Problem requirements :: All lines from the one with "Политбюро ЦК КПСС." through the final line below are to be reproduced exactly; omit the others.

** Data section follows **

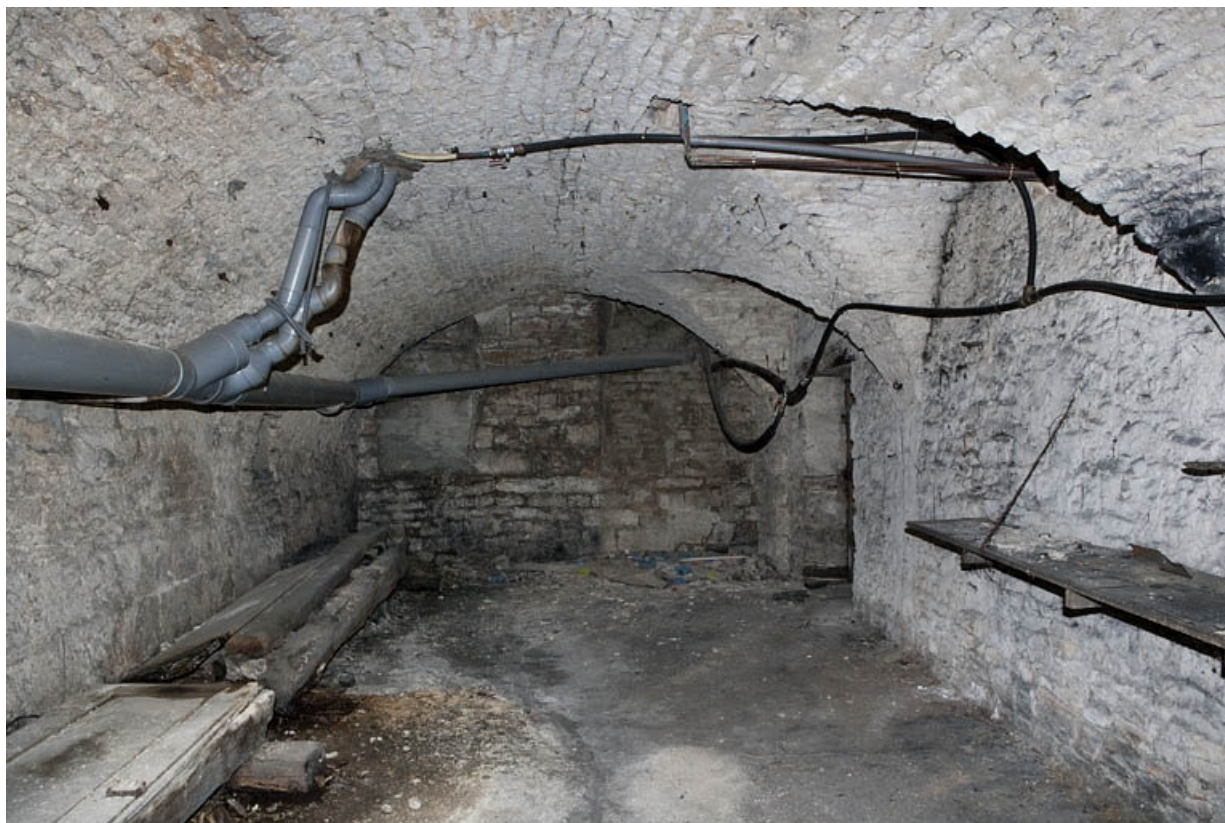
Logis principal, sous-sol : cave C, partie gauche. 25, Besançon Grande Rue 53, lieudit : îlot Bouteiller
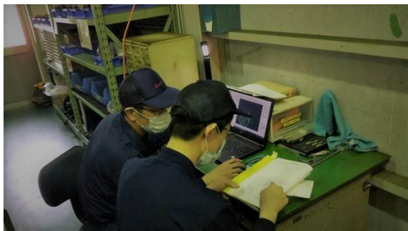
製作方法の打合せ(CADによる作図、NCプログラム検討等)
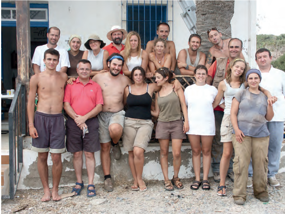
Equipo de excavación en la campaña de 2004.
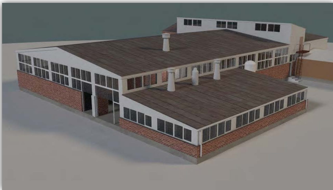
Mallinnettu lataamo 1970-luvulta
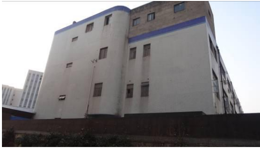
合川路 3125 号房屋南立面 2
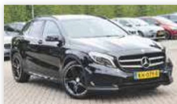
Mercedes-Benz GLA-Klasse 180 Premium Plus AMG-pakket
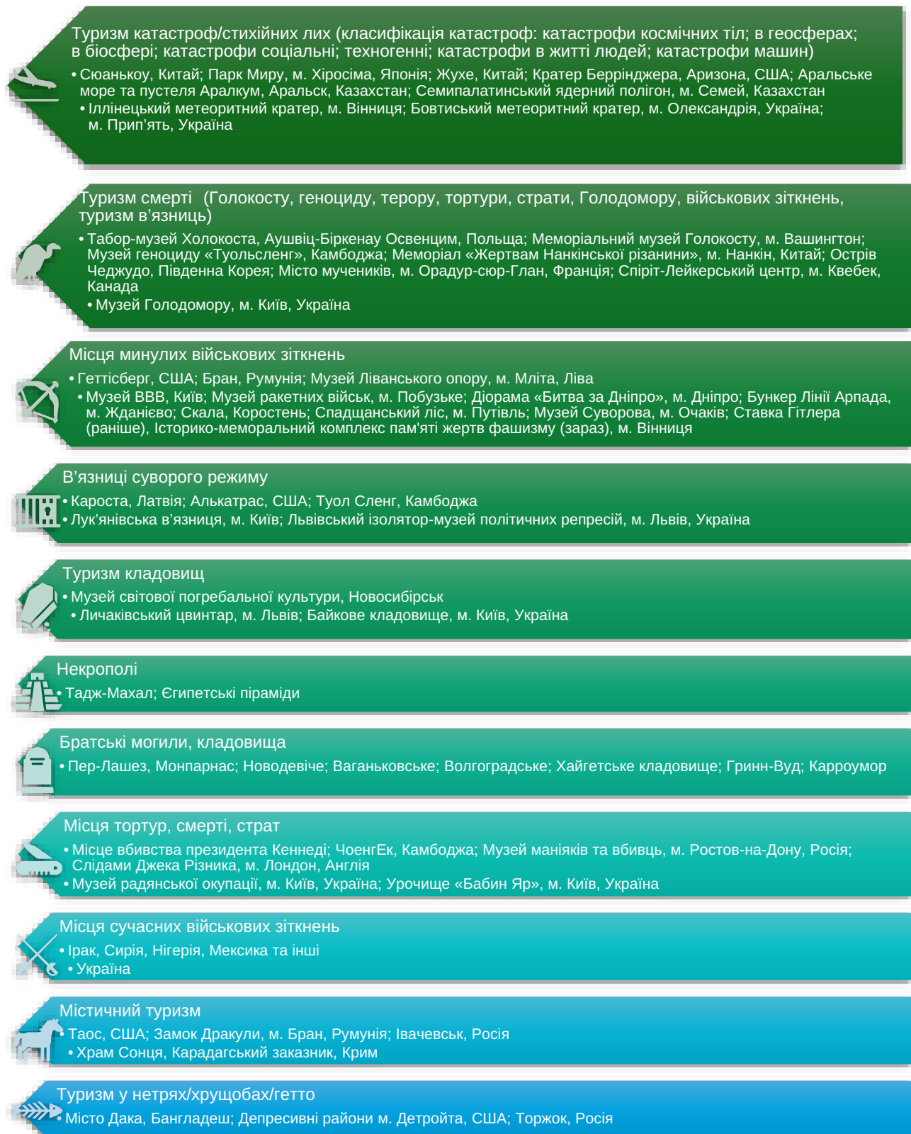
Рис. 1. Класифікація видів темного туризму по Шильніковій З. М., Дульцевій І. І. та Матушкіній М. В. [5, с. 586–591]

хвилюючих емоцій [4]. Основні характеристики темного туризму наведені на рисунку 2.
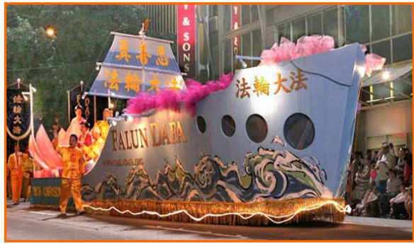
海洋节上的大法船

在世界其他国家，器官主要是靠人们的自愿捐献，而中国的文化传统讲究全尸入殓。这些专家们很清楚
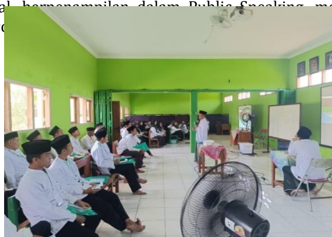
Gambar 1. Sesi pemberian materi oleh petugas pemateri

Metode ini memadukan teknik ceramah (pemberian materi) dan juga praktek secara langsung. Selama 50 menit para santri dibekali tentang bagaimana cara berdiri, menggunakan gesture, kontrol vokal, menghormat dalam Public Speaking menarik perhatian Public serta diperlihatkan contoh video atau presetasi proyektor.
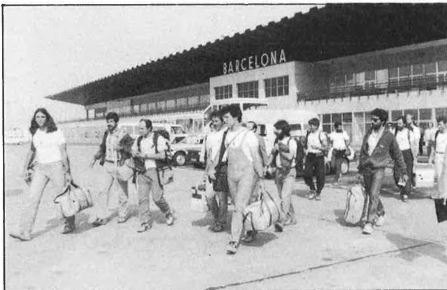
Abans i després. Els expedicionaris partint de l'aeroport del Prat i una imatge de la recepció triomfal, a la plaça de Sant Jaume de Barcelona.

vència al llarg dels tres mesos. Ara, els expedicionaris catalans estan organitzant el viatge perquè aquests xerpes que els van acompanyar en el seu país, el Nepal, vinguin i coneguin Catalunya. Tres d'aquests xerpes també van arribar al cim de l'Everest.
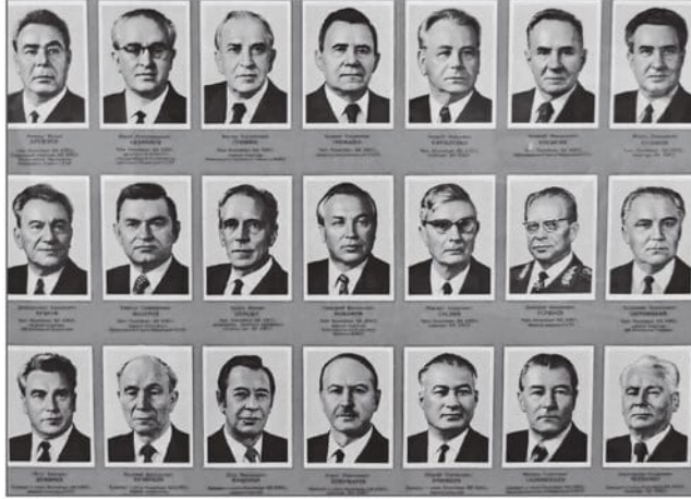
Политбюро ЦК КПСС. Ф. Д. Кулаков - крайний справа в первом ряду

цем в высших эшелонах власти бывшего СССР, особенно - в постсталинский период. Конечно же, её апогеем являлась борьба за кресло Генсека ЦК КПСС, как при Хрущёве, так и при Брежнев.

** End of Data section **

Answer box ::
Политбюро ЦК КПСС. Ф. Д. Кулаков - крайний справа в первом ряду

цем в высших эшелонах власти бывшего СССР, особенно - в постсталинский период. Конечно же, её апогеем являлась борьба за кресло Генсека ЦК КПСС, как при Хрущёве, так и при Брежнев.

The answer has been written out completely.